The guard slapped him across the face with his gauntlet.
He didn't expect that—the smack was loud, harsh, leaving him bloodied.
"The king's far from here," they spat, then, seeing Konrad's surprised face, they laughed. "Don't you worry, little prodigy. Once the Inquisitor becomes strong enough, we deal with him, too."
Ambitious plans. Too bad, Otto was already at his wits' end, getting desperate and failing.
As it seemed, his soldiers had no idea about that. Of course, he wasn't yet, either.
Their whole plan relied on it.
They pretended his mercenaries were successful before he heard of the failure. Konrad had to play the defeated, the humiliated, the desperate. So he only grunted and glared, spitting blood.
It was so convincing that by his side, Welf grabbed his tunic, ready to blow.
His only ally he could always trust.
He patted his hand when the guards waved them forward, and the first part of the plan was already a success. They entered the unsuspecting Halaima without bloodshed.
Well, with only a minor bruise.
It was worth it.
"Calm yourself, Executioner," Konrad warned Stella, still pale and shaking by his side. "We are in. They have no idea. You know what you have to do next, right?"
The tall blonde nodded, a short jerk of her head.
"Tell Otto, and find the child," she whispered, walking past more unsuspecting guards.
"Don't mess it up," Vargas warned her, his voice still that of the mercenary captain's.
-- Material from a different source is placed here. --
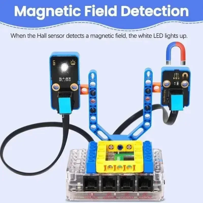 In this kit, multiple sensors and modules are included: white LED module, Hall sensor, passive buzzer, XH11 temperature and humidity sensor, steam sensor, flame sensor, sound sensor ultraviolet sensor, traffic light module and air pressure sensor. Besides, we design seven comprehensive experiments for the kit with building blocks: rain detection, fire alarm, magnetic field detection, thunder detection, temperature detection, ultraviolet detection and air pressure detection. These building blocks are provided, so you may design forms at will, which greatly improves logical analysis, creativity, hands-on skills and problem-solving ability.

"And better hurry," he urged her, too. "I can't hold this illusion all day."
The truth was—he could've. His pool was full when he started, and so were his adamantite sword and armor. He banked almost five thousand mana.
It was more than he could use without collapsing from the physical strain.
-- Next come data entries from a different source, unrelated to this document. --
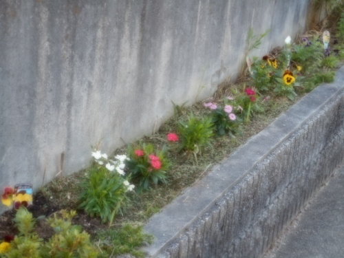 慣らし運転も兼ねて庭遊び(ちょっと痛みが残る右膝皿周辺)散歩もなんだからと、ホームセンターへ自転車で出向いて「花苗」を買い足してきた。(安っすい扱いやすい苗)リハビリがわりに・・・ぎりぎり咲いてる花・・・生え揃ったらも~ぅ少し綺麗にナルカ。
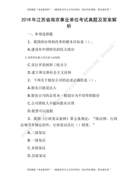 2018年江苏省南京事业单位考试真题及答案解析[更多资源请百度搜索“培实素材网”]
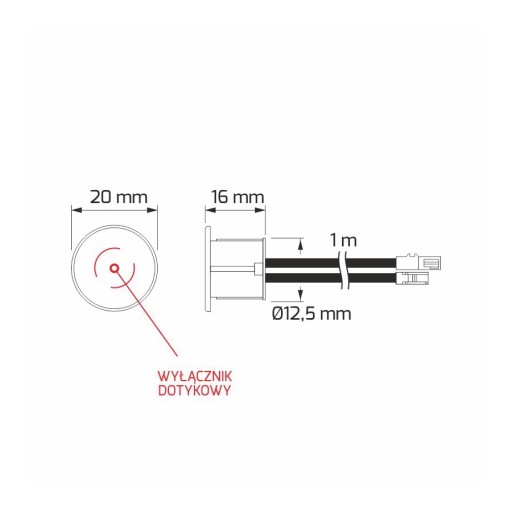 Wyłącznik, zasilany napięciem stałym 12V DC lub 24V DC, zamknięty jest w obudowie izolacyjnej z tworzywa sztucznego w kolorze chrom. Służy do włączania i wyłączania oraz ściemniania i rozjaśniania źródła światła LED przy użyciu zasilacza. Wyłącznik sensorowy (dotykowy) działa poprzez dotknięcie sensora, który powoduje włączenie lub wyłączenie oświetlenia.

But he came prepared. Even if the Inquisitor put a dozen transmutation artifacts on him—
Well, Stella didn't have to know that.
She was one more ally he doubted, another girl he couldn't trust.
Thinking of it now, he smirked.
In his past life, after Lily broke up with him, he couldn't trust a girl ever again.
He avoided them, never married, and now?
Beautiful girls surrounded him all the time—and he still doubted them all, for a good reason.
"I won't fail you," Stella muttered, almost a minute later. "I'll prove myself."
Konrad nodded. He was more curious about her actions than her words.
And the time for said actions had come—they all stopped in front of the church annex.